A vida em Lisboa é muito diferente da vida em Damasco. Ameer ainda não se habitou “ao silêncio”, “à tranquilidade”, ao facto de as lojas terem hora para fechar. “Acho que nunca me vou habituar. O Bairro Alto é bom para descontrair… mas é tranquilo”, diz, quando comparado com a rua que deixou para trás na capital síria. Partilha casa com mais quatro estudantes, faz o caminho de casa para a escola e já conhece vários sítios na cidade mas tem dificuldade em decorar os nomes.

Ameer pensa muito nos pais, com os quais fala sempre que consegue. Também pensa nos mortos e nos desaparecidos. “Já não sobram muitos amigos lá. Os que morreram morreram, os que foram presos foram presos”, diz. Muitos saíram, como ele. “Perdi alguns amigos. Perdi a loja, perdemos uma casa, o meu pai perdeu a clínica. Pensei: ‘Eu não quero perder-me a mim, e não quero que os meus pais me percam, não sei se eles aguentariam’”.

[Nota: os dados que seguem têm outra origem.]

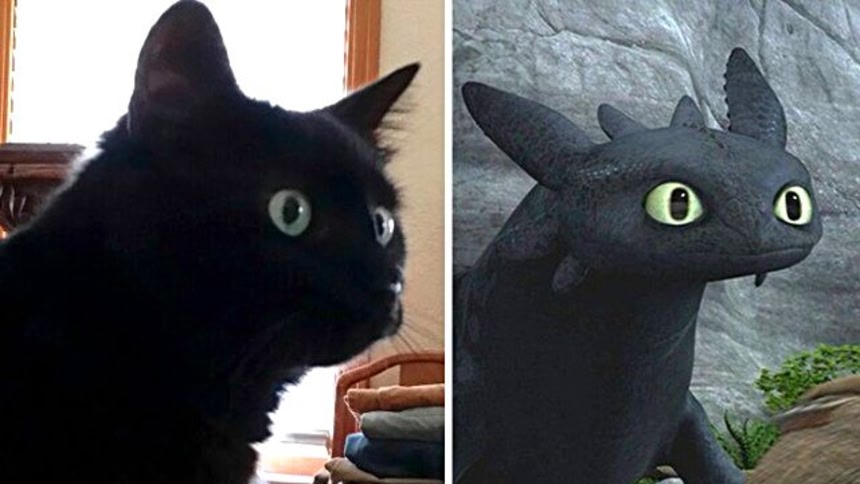 最近あんましはやんなくなった「完全に一致」シリーズだけど、ちょびっと古いネタを見つけてきたので黒猫クラスタのみんなにシェアするよ。2010年公開の3Dアニメ、「ヒックとドラゴン」を見たお友だちはいるかな。

“Na Síria já não há felicidade. A Síria nunca vai voltar ao que era. Mas um dia vai voltar a poder-se ser lá feliz. Tem de ser, tem de ser. Perdemos todos tanto. Tivemos todos de começar do zero. Eu tenho de começar do zero, aqui. É a minha vida, a única.” Sim. A vida de Ameer trouxe-o a Lisboa, com o frio, o “vento doido do fim de tarde”, todas as dificuldades de ser o único sírio da sua faculdade e de estar a começar tudo de novo, longe de todos e do mundo que conhecia até há poucos meses. É a vida, a vida de Ameer, e ele vai vivê-la. Isso, isso é que é importante.

“Na maior parte do tempo penso no meu país, e sorrio, e penso no meu país e choro, é felicidade e tristeza ao mesmo tempo.”